De acordo com o delegado, o inquérito já foi
instaurado e uma das suspeitas é que uma pessoa procurada pela Justiça estava
usando documentos falsos em nome de Carlos Fernando. Segundo a polícia, uma
mulher chegou a entrar em contato com a funerária e dizer que o homem enterrado
era na verdade o filho dela, Antônio Carlos Lisboa Leão, que tinha 55 anos.
Ainda de acordo com o delegado, esse homem
respondia por crimes como estelionato, roubo e falsificação de documento
público. Ele estava foragido da penitenciária de Mongaguá desde 2003.
“Vamos localizar a mulher que declarou o óbito.
Estranhamente, essa pessoa se alegou amiga dele, sendo que ele tem família, tem
filhos e ninguém teria acompanhado esse registro”, comenta.
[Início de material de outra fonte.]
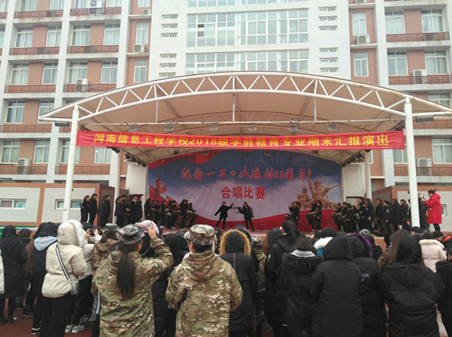 迎着纷飞的雪花,1月9日下午,商务系学前教育专业音乐订单班期末汇报演出在学校操场舞台准时进行。该班全体学生参加演出,商务系主任尹顺丽、副主任崔磊磊,学前教育教研组长李莉和专业教师贾宇灿、胡蓉、张梦卓及商务系17、18级学前教育专业全体学生出席了本次演出活动。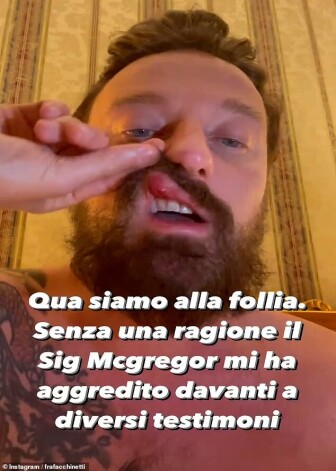 “Jā, tas bija tas ļoti slavenais Konors Makgregors, kurš man iesita pa muti un saplēsa apakšējo lūpu. Viņš salauza man degunu, tecēja asinis,” Fačineti raksta savā “Instagram” stāstā. “Viņš man uzbruka pie “St. Regis” viesnīcas 10 aculiecinieku, viņa draugu un miesassarga priekšā,” turpina dīdžejs.

Depois do óbito, o corpo foi velado e, para o
delegado, os amigos e familiares, sabiam da falsa identidade do falecido.
O delegado também informou que vai pedir
autorização à Justiça para que seja feita a exumação do corpo enterrado. A
intenção é identificar o morto por meio de exames de DNA, porém não há prazo
para que isso seja feito.
Os dados do paciente, que estava internado no
Hospital Luzia de Pinho Melo quando morreu, também serão analisados pela
polícia. “Ainda é prematuro dizermos alguma coisa no sentido de fraude no
hospital. Mesmo assim, vamos ouvir o médico que atestou o óbito”, finaliza.
A
Secretaria Estadual de Saúde, responsável pelo hospital, informou ao G1 que
não irá se pronunciar sobre o caso.
Apesar disso, na Certidão de Óbito
emitida pelo cartório há uma observação de que o número de CPF não foi
apresentado. Atualmente, é obrigatório informar o número do Cadastrado de
Pessoa Física para que, depois, seja feito o cancelamento do número.
Para provar que está vivo, Carlos
Fernando consultou um advogado e irá entrar com um processo na Justiça.
Enquanto isso, o CPF de Carlos Fernando continua ativo para a Receita Federal
e, inclusive, ele recolheu nesta semana impostos por ser um Microempreendedor
Individual (MEI).
O Cartório de Registro Civil de Mogi
das Cruzes informou que o CPF do falecido não foi apresentado quando o óbito
foi declarado, mas, segundo nota enviada pelo cartório, é “obrigatório constar
nos registros e certidões o CPF após a consulta na base de dados da central de
informações do Registro Civil. Quanto ao cancelamento o cartório somente faz a
comunicação do óbito ao órgão competente.”